Fears of a recession in the United States economy have receded amid tight labor market conditions and strong consumer spending momentum propelled by steady wage growth. Fresh predictions about Fed’s interest rate guidance signal that the central bank will keep interest rates at high levels until March 2024.
Daily Digest Market Movers: Gold price recovers despite sideways US Dollar
- Gold price’s downside momentum fades after stabilizing below the crucial support of $1,900.00. However, more downside seems favored.
- The precious metal continues to face a sheer sell-off as the US Dollar Index (DXY) delivers a five-week winning streak.
- The appeal for the US Dollar improved last week as investors turned cautious about China’s economic outlook.
- Deflation risks are high in the Chinese economy due to weak demand and declining exports.
- The Chinese authorities are expected to deliver more fiscal support to uplift growth prospects and elevate hiring momentum.
- On Monday, the People’s Bank of China (PBoC) cut its one-year Prime Lending Rate (PLR) by 10 basis points (bps) to 3.45%, while the five-year PLR was left unchanged at 4.20%.
- The scale of the one-year PLR cut by the PBoC was lower than the 15bps expected cut.
- The US Dollar trades sideways on Monday as investors shift focus toward the Jackson Hole Economic Symposium, which will begin on Thursday.
- 10-year US Treasury Yields jump to 4.3% as investors expect the Fed to further increase interest rates in the context of still high inflation.
- Federal Reserve chair Jerome Powell is expected to deliver the economic outlook and the interest rate guidance for September monetary policy at Jackson Hole.
- Investors are keen to know how the Fed expects to get rid of the ‘last mile’ of stubborn inflation to achieve price stability and keep the Unemployment Rate at low levels.
- Federal Open Market Committee (FOMC) minutes for July’s policy meeting indicated that the central bank will be more dependent on the incoming data for further action.
- The majority of Fed policymakers expect that interest rates haven’t peaked yet as labor market conditions are still tight and strong wage growth has increased the disposable income of households.
- A Reuters poll conducted between August 14-18 showed that the Fed will keep interest rates steady in September and will not cut rates before March next year. Meanwhile, the odds of a recession have dropped to 40%, the lowest in a year.
- Receding recession fears, tight labor market, and stubborn ”last mile” inflation could force the Fed to keep interest rates higher for a longer period.
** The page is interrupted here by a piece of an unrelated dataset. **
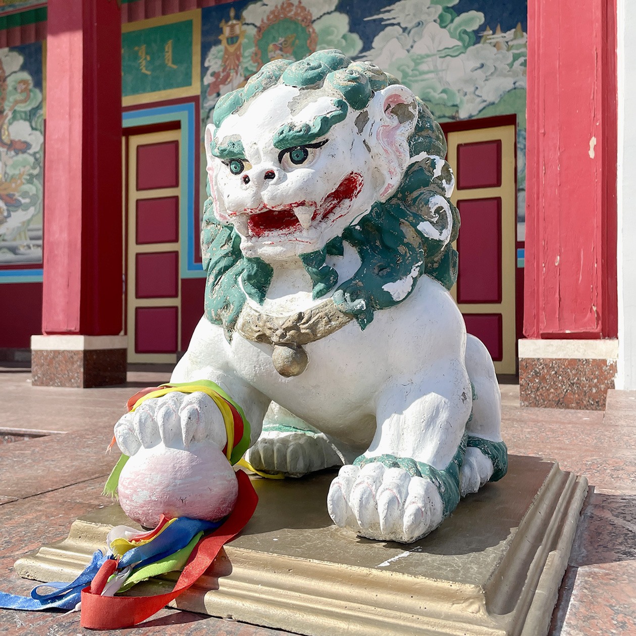 Снаружи хурул белый, с золотой изогнутой крышей и красными колоннами на входе. К нему ведет большая лестница с фонтаном по центру.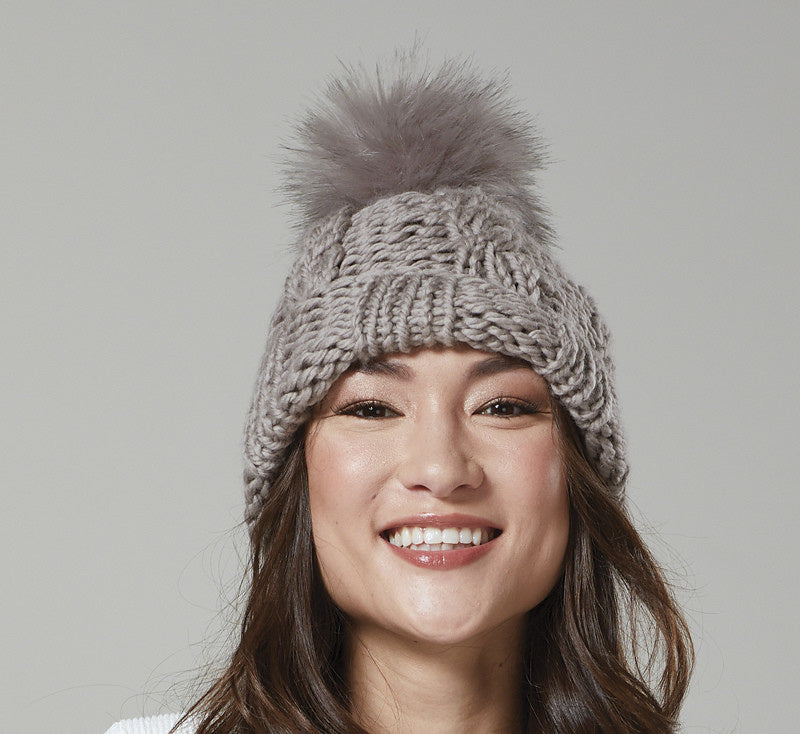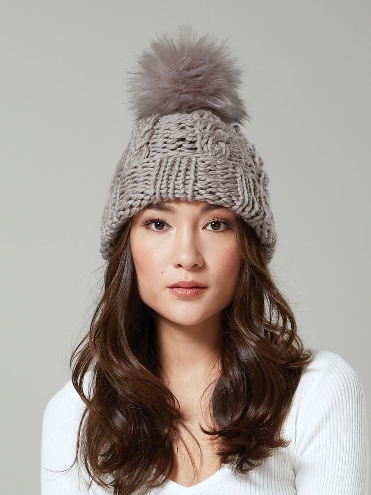 This lovely hat features a simple cable pattern and is finished with a pompom. It was designed by Quail Studio and is knitted in one shade of Big Wool, a 100% wool yarn.

Technical Analysis: Gold price bounces back from $1,890
Gold price turns back-and-forth after recording a fresh swing low marginally below $1,885.00 on a daily time frame. For the past three weeks, each pullback move in the precious metal has been capitalized as a selling opportunity by market participants. The yellow metal trades below the 200-day Exponential Moving Average (EMA), which indicates that the long-term trend has turned bearish.
Momentum oscillators suggest that a bearish impulse is extremely strong, which will keep volatility on the higher side.